Now here's Graham and pay close attention to what he says. You'll see what I am and what I mean. The lessons for all of you wrestling with both new business models and love in your lives.
Your posting is a brilliant example of a number of themes that are starting to run though our developing understanding of the "social customer". First, it shows how the customer is a social animal, influenced by what other customers (concert goers) do and in turn influencing others. The recent discovery by neuroscientists of "mirror neurons" that allow us to sense what is happening to others and to respond appropriately is behind much of this. So are many other recent discoverys collectively bundled under the catch-all of behavioural economics.
Second, it shows how the customer experience is where the action is today. Not the provision of goods or even services, but the "value in use" of them extracted during the experience of their consumption. The role of marketing changes in the process too, from the traditional one of converting goods into goods sold, to one of embedding goods & services into the experience and all the things that go with that. Value in use as perceived by the customer is the long overdue counterpart to the lifetime value of customers that so many companies aspire to. It nicely balances out the currently heavily lop-sided customer value equation.
Third, it shows how importance the co-creation of experiences by performers and customers is. A performer without an audience is just playing for himself, an audience with out a performer is just a crowd waiting to happen, but put them together and mix them around a bit and something special happens. And you get your very special concert. And what goes for a concert at one end of the scale goes equally for individual customers interacting with companies too. Co-creation occurs in many ways: through customer driven-innovation as lead customers innovate for themselves and others, through customer-generated media like the recent Chevy Tahoe / Apprentive contest and through customer recommendations which McKinsey reckons is behind a whopping 60-70% of ALL purchase decisions.

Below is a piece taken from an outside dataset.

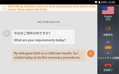 - マイクから30cm程度離れた位置から、会話ボタンを押しながら話しかけます。話し終えたら会話ボタンから指を離します。相手の画面に翻訳結果がテキストで表示され、翻訳内容が音声で発せられます。

Finally, (as the list of themes is getting dangerously long), it shows the importance of bring together different individuals or groups with different capabilities to stage the experience. No one company can afford to be an island any more. Capabilities are combinations of knowledge, skills, experience & other resources that create value for customers. A concert includes not only the lead vocals and on-stage musicians, but the crew that supports the concert, the promoters that market the concert, all the way to the concert hall owners. Take away any of them and the whole things stops working. Just like when you take away customer service in a business the business slowly grinds to a halt surrounded by angry customers, depressed staff and lots of bad press.
Oh and one more thing, lest we forget. It is the customer who decides what is valuable, not the company. If you enjoyed the concert, it was great, it was memorable, it was the stuff of legend. But if you didn't, well, you wouldn't be writing this posting would you?
Thank you, Graham Hill. Very, very smart dude isn't he?
So that's it. deeply personal, big crowds, business lessons learned, cool and really intense stuff that just feels awesome, and something that makes you realize that its really GREAT to be human and alive. Life can just be grand sometimes can't it?